◆ **DATASET SECTION**:
= Beginning of Section =
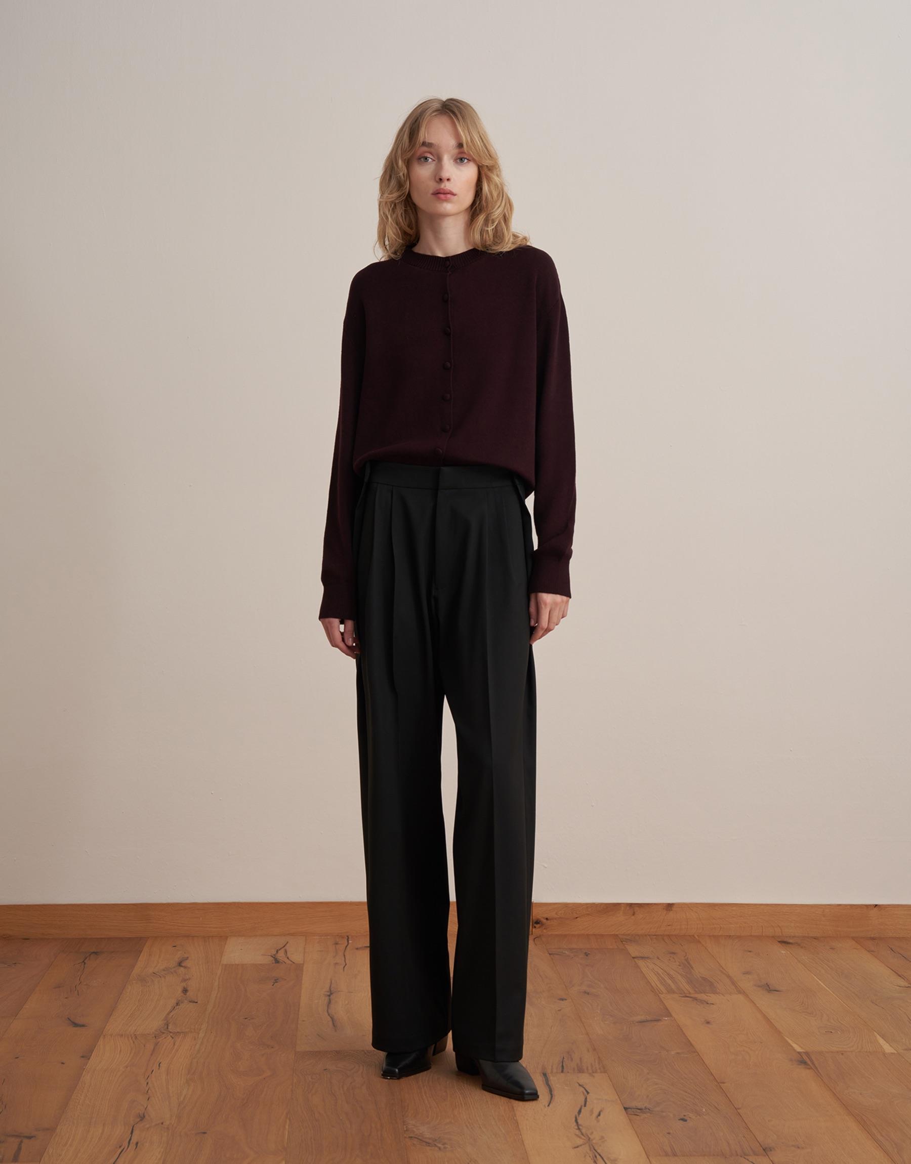 Bayan Siyah Düğme Detaylı Pileli Pantolon | KK Design
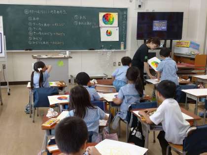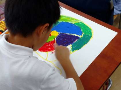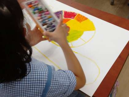 「カタツムリに色をぬろう」をテーマにパスで色を塗ります。単色だけでなく、青と赤で紫を作ったりして、混色にもチャレンジしていました。
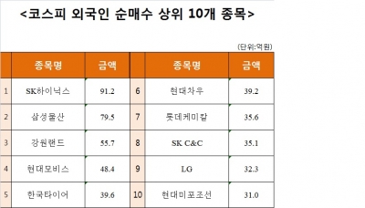 [코스피 외국인 순매수 상위 10개 종목]
= End of Section =
◆ **EXERCISE AIM**:
Line by line, return the listing above exactly, leaving out its pictures.

◆ **RESPONSE TO THE TASK**:
 Bayan Siyah Düğme Detaylı Pileli Pantolon | KK Design
 「カタツムリに色をぬろう」をテーマにパスで色を塗ります。単色だけでなく、青と赤で紫を作ったりして、混色にもチャレンジしていました。
 [코스피 외국인 순매수 상위 10개 종목]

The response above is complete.